I have the next code.

$(function(){ 

        $('.eliminar').click(function(){
    alert($(this).closest('.contenedor').children('.pregunta').children('.id').text());
});

with this code I receive the id, when we use chrome we can edit html temporally obviously we are not editing the site, I wonder if this way is secure to protect the data base, other wise anybody can edit the id 89 to 64 or 4555 etc.
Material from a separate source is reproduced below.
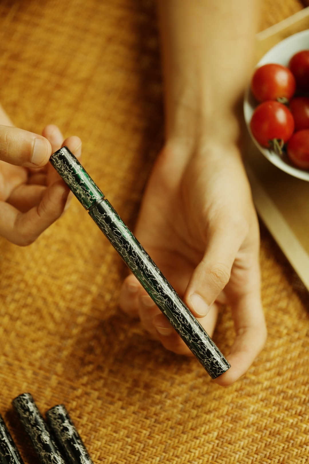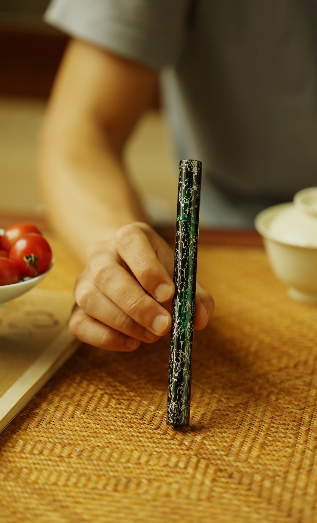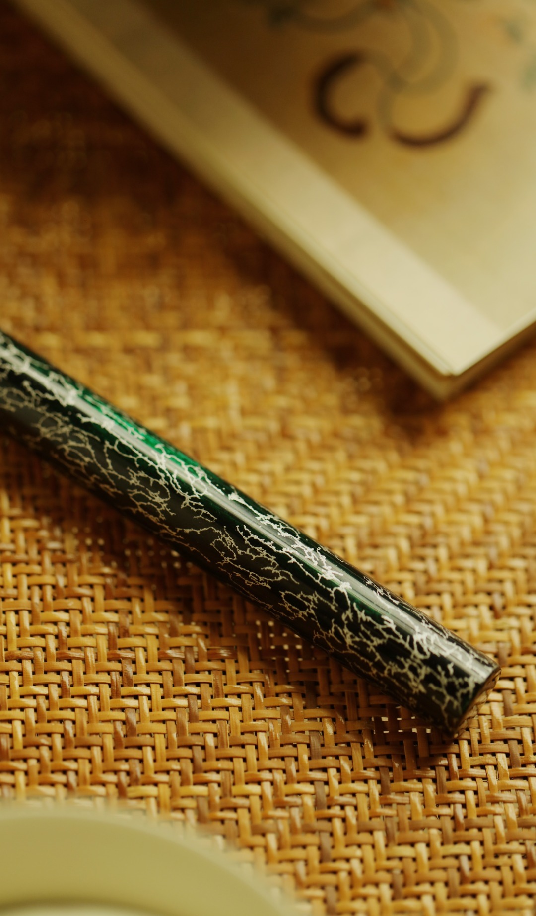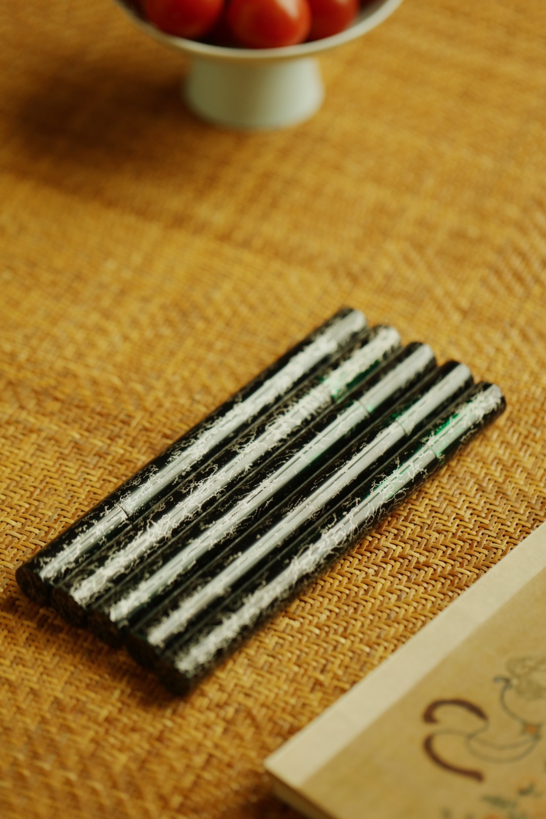 此款香筒器形简约,修饰大漆,底色是贴银箔髹大漆透明绿、循环往复数层打磨,再做蜻蜓涂装饰。这款香筒小巧可做户外便携好物,在旷野里品茗观烟云曼妙,漾开的云气像写意的山水在空气中弥漫开来;清雅的颜色、温润的色泽也是室内手边称手雅器,点一根香,把喧嚣留给世外,静谧留给自己。

I hope you can help me. Regards!

M.suleman Khan
  • 576
  • 6
  • 17
El arquitecto
  • 513
  • 2
  • 5
  • 16
  • What does this app do? Why the user can delete something in your database? If he/she can is there authentication? – Ali Somay Jul 23 '17 at 16:56
  • This is just an ask and response board, but when the user click on a question can delete, but I wonder if they can delete an other if the user change the ID, I mean, the user can edit the ID making something like javascript injection? – El arquitecto Jul 23 '17 at 17:04
  • The key point is do you need registered users or any user can use your board? The answer changes according to that. – Ali Somay Jul 23 '17 at 17:07

3 Answers3

0

You haven't given much information regarding your server or what framework you are using. Those things will determine some of this.

You will want to setup https on your server. These are some Apache examples: https://www.sslshopper.com/apache-server-ssl-installation-instructions.html https://www.digicert.com/ssl-certificate-installation-apache.htm

And

Authenticate your request with, on the server you will want to have a check for authentication prior to allowing any changes. How this will actually work will depend on your framework and server.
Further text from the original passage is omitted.